Между тем, встав на путь создания «корпускулярной философии», т.е. объяснения явлений (говоря современным языком) физики конденсированного состояния на основе механики микрочастиц (по Ломоносову, «нечувствительных» частиц), избежать «умозрений» оказалось невозможно. Корпускулы (атомы, или «физические монады») были «ненаблюдаемы» и относительно них необходимо было выдвигать гипотезы. На первой же странице второй студенческой диссертации Ломоносова обнаруживаем: «Корпускулы совершенно недоступны для зрения, поэтому свойства их и способ взаимного расположения должно исследовать при помощи рассуждения».
Через несколько лет, в черновых записях уже не студента, а адъюнкта физики та же мысль выражена намного эмоциональнее: «Сколь трудно полагать основания! Ведь [при этом] мы должны как бы одним взглядом охватывать совокупность всех вещей, чтобы нигде не встретилось противопоказаний. Сравнить с делением и извлечением корней кубических и более высоких степеней». Отметив сложные отношения адъюнкта с математикой, продолжим цитату: «Я, однако, отваживаюсь здесь на это, опираясь на положение или изречение, что природа крепко держится своих законов и всюду одинакова». Этот методологический принцип, судя по ссылке в незаконченной работе «Опыт теории о нечувствительных частицах тел и вообще о причинах частных качеств», Ломоносов извлек из «Математических начал натуральной философии» Исаака Ньютона. На этом принципе основана теория тяготения великого английского ученого, одинаково применимая и к падению камней вблизи поверхности Земли, и к движению небесных тел.

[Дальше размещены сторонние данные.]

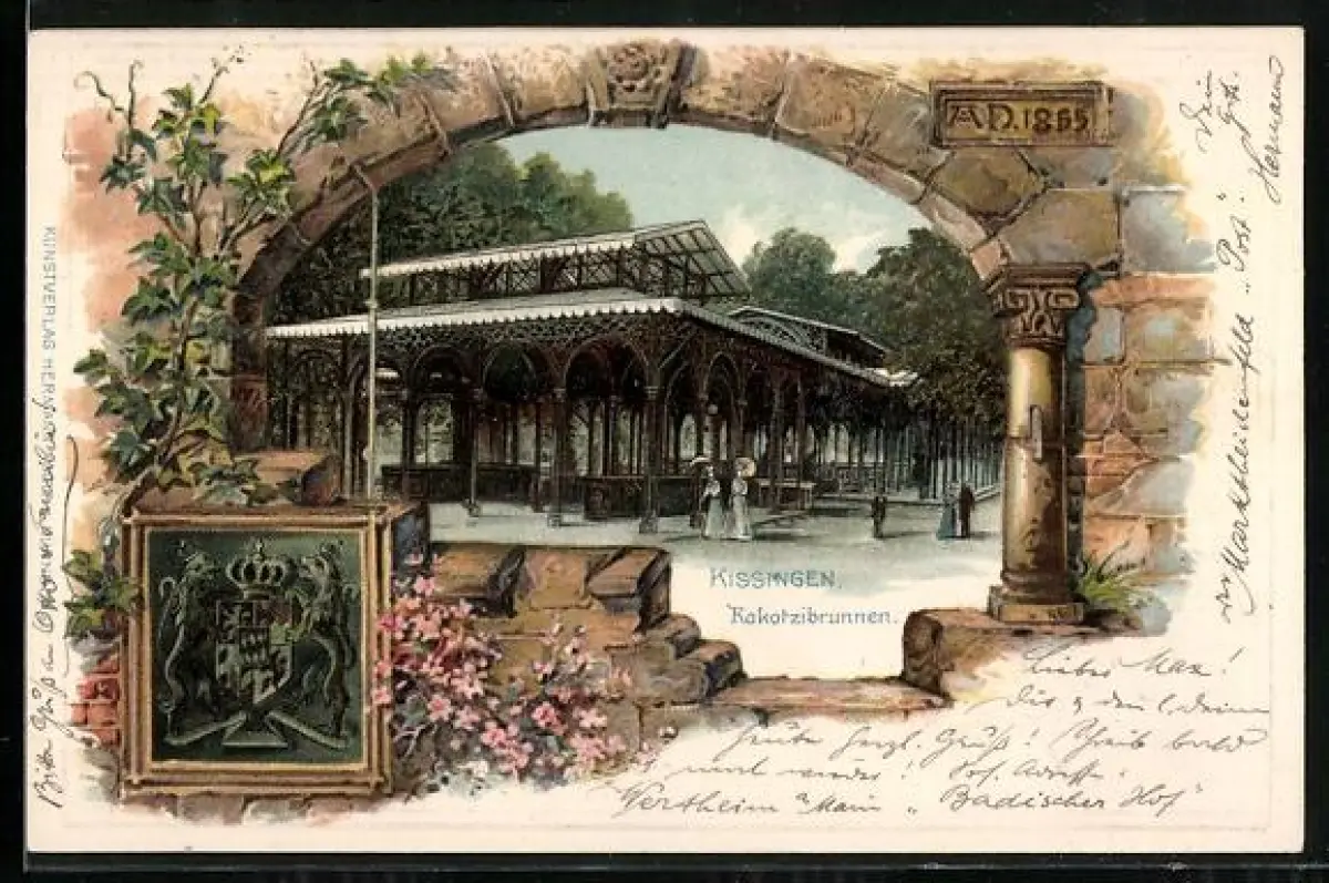 Passepartout-Lithographie Kissingen, Kurgäste am Rakotzibrunnen, Wappen

Первой опубликованной работой Ломоносова по физике стал перевод книги его марбургского учителя. «Волфианская экспериментальная физика» (1746 г.) стала первым учебником по этой дисциплине на русском языке. С этим трудом связано и первое упоминание ученого в зарубежной научной литературе, относящееся к 1746 г. Основное значение его перевода заключалось в том, что он создал русскую научную терминологию в области физики, заложил основы русского научного языка.
Диссертация «Размышления о причине теплоты и холода» — одно из основных сочинений Ломоносова в области физики. В январе 1745 г. он прочитал ее на заседании Конференции Академии наук, после чего состоялось обсуждение. Аргументация, с помощью которой ответственность за теплоту автор возлагал на вращательное движение «нечувствительных» частиц (а поступательное и колебательное движения были от этой ответственности освобождены), показалась критикам не вполне убедительной.

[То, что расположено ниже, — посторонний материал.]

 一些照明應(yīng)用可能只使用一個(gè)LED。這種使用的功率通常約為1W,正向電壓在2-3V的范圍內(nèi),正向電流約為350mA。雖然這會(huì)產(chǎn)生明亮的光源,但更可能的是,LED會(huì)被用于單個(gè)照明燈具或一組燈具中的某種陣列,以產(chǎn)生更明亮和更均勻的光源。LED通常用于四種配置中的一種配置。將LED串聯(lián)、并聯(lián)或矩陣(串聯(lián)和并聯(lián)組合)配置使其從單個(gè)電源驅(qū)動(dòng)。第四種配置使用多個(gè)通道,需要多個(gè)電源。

Приведем краткое изложение «Размышлений». Вначале на простых примерах автор демонстрирует, что «необходимо, чтобы достаточное основание теплоты заключалось в движении какой-то материи». Далее устанавливается, что «сие движение есть внутреннее, то есть в теплых и горячих телах движутся нечувствительные частицы, из которых состоят сами тела». Отвергнув поступательное и колебательное движения корпускул как причину теплоты, он с помощью метода исключения приходит к выводу: «теплота состоит во внутреннем вращательном движении <...> связанной материи». В качестве первого следствия этого утверждения Ломоносов приходит к заключению о том, что частицы материи представляют собой твердые шары: «Для нашего теплотворного движения самой подходящей является шарообразная форма корпускул материи, так как такие частицы могут взаимно касаться только в одной точке и не производят по отношению друг к другу почти никакого трения». В доказательство «авторовой теории предложены и истолкованы 14 свойств и перемен, которые теплота показывает». Среди них нагрев твердого тела трением и невозможность нагрева трением жидкости, уменьшение твердости при нагревании, плавление и испарение.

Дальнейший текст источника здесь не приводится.